The dedicated lines do not share neutral lines. I helped the electrician pull and install the lines.
I don't believe the problem could be a result of corroded or loose wiring as we just built the house a year ago so everything is new. But then again, it would be worth checking.
Albertporter, I will definitely check out your suggestion. It certainly makes more sense to keep something out rather than trying to get rid of it later.
Sean, the only changes I have made in recent months were to change the caps in my amp as you know and I then added interstage transformers to my Audio Note DAC. Nothing else other than isolation platforms and DH cones. So I don't think a component change is the problem. But I do think the suggestion to clean the grounding rod is a good idea. I hadn't thought of that and that could help.
I have also been considering installing balanced power transformers on my dedicated lines ala Jon Risch. Would this eliminate the problem?
Thanks,
Warren |
One more question regarding Warrenh's post about a dedicated ground.
Sean, I searched your posts on isolated grounds here and I am still not sure I understand it.
When we installed my dedicated lines we used 12ga. Romex and 20 amp breakers. We ran each leg in conduit with the conduit tied to the breaker box, but with the conduit stopping short of the outlet boxes (plastic). The ground in the Romex is connected from the Acme outlets to the panel.
The only thing plugged into the outlets are my audio equipment since they are located under the house. I had a hole cut in the hardwood floor behind my equipment rack and ran all power cords out of sight through the floor to the outlets beneath.

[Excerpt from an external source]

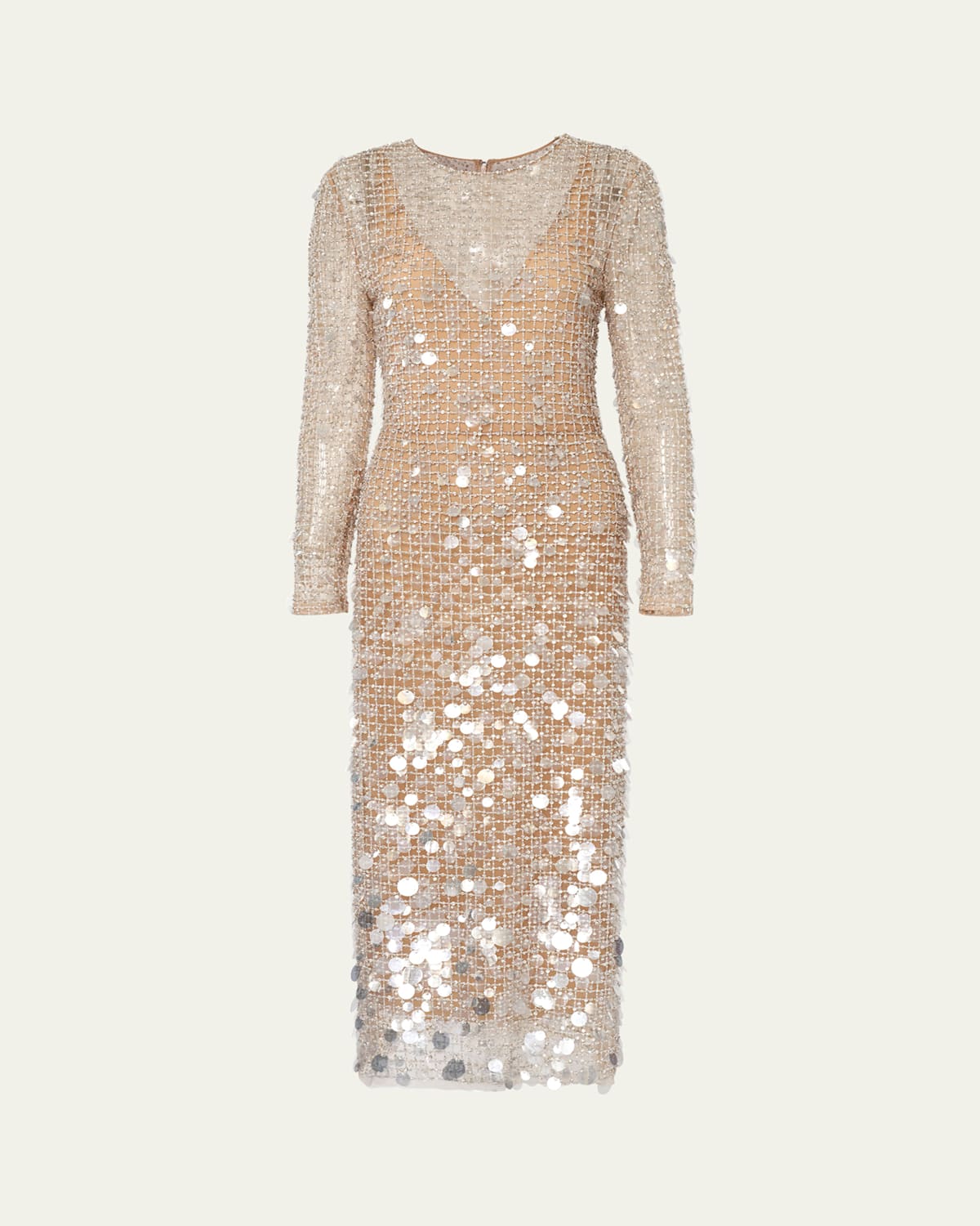 Carolina Herrera semisheer dress embellished with a gridwork pattern and paillette accents Crew neckline Long sleeves Belted waist Centercut back vent Hem falls below the knee Sheath silhouette Invisible back zipper Nylon/polyamide Dry clean Imported

How do I change this to make it an isolated ground? |
An additional suggestion: try measuring the AC voltage at the receptacle before and during the moment the A/C system is energized. Buy a plug-in AC voltage meter from Radio Shack. At the instant the A/C system activates, the high starting current of the compressor may momentarily drop the AC voltage at your stereo to 100 VAC or even less. If your gear already draws significant current, or your entire neighborhood is blasting their A/C systems, or you have the whole house lit up, the voltage may already be dipped. If the additional voltage dip is low enough, one or all of the pieces in your system may be generating the pop noise. |
Thanks for the suggestion, Bigdope. I will try it and see what kind of drop I get. |
Bigdope, I measured the drop and the drop was 119.4 v to 118.8. Not much.
But it does seem this symptom started with the onset of much warmer weather when summer started. Things will begin to cool off on Maui by the end of the month. We'll see what happens as things get cooler into November and December. |
Fiddler: Did you try cleaning the ground connections / ground rod yet ? I'm curious as to whether this did anything or not.
Other than that, it's possible that the fan motor has some type of capacitor or "condensor" that is going bad. These typically help to reduce or absorb the turn on "transient" or "spike" that motors or generators produce on start-up. Don't know if your system has one of these or not, but it might be worth checking into. Sean >
PS... Does this happen if you have everything disconnected from the amp with just the amp powered up and connected to the speakers ? You might try tracking down which component(s) it is coming in through. |
Sean, I haven't checked my ground connection yet. I need to either try to find it myself or call the electrical sub that did our house.
I have not tried your suggestion with just the amp plugged in, but I will try that and then each component until I see if there is one offender. I don't guess there is any harm in the pop, but I think it is symtematic of another problem, i.e. the ground.
I will report back after trying the ideas.